Since 1999 the Trust’s Lessons from Auschwitz Project has given thousands of post-16 students and teachers the opportunity to visit the Nazi concentration and death camp Auschwitz-Birkenau as part of a four-part educational programme. Since 2006 the Project has received Government funding.
Having played a crucial role in the establishment of Holocaust Memorial Day in the UK in 2001, the Trust continues to play a key role in the delivery of this national commemorative day.
In 2010 the Government issued a new award to recognise the British men and women who came to the aid of Jewish people and other persecuted groups during the Holocaust – as a direct result of an initiative by the Trust to raise their profile and secure formal recognition for them.
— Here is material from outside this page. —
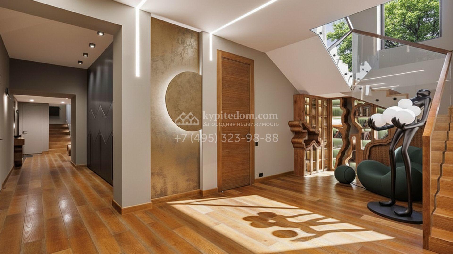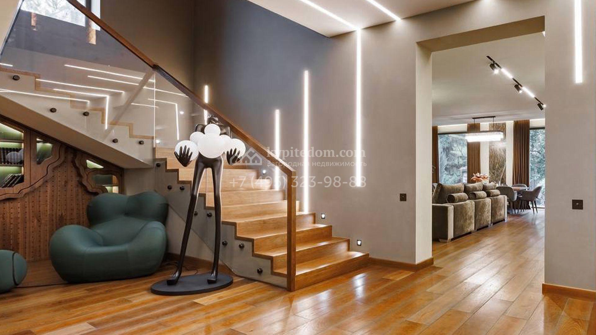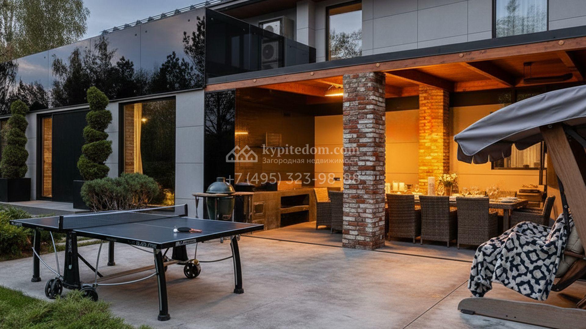 Кроме того, на территории возведён крытый спортзал, который зимой превращается в ледовый каток. На участке вдохните запах свежескошенной травы, прогуливаясь по аккуратным дорожкам в тени высоких елей и фруктовых деревьев, а также любуйтесь декоративными кустарниками и вечнозелёными растениями. Особую атмосферу в вечернее время создаёт индивидуальная подсветка каждого дерева в саду, делая ночные посиделки у зоны барбекю ещё более романтичными.

At the Holocaust Educational Trust’s Appeal Dinner in September 2013, the Prime Minister announced the establishment of a national Holocaust Commission to establish what further measures should be taken to ensure a lasting memorial to the Holocaust in this country. In January 2015, the Prime Minister, with cross-party support, endorsed the recommendations of the Commission, which will include a striking new national memorial and accompanying learning centre by 2020.
In January 2015, the Chancellor of the Exchequer announced that the Royal Mint has commissioned a special commemorative medal to mark 70 years since the end of the Holocaust, an initiative of the Holocaust Educational Trust.
We work in schools, colleges and higher education institutions, providing teacher training workshops and lectures, as well as teaching aids and resource materials.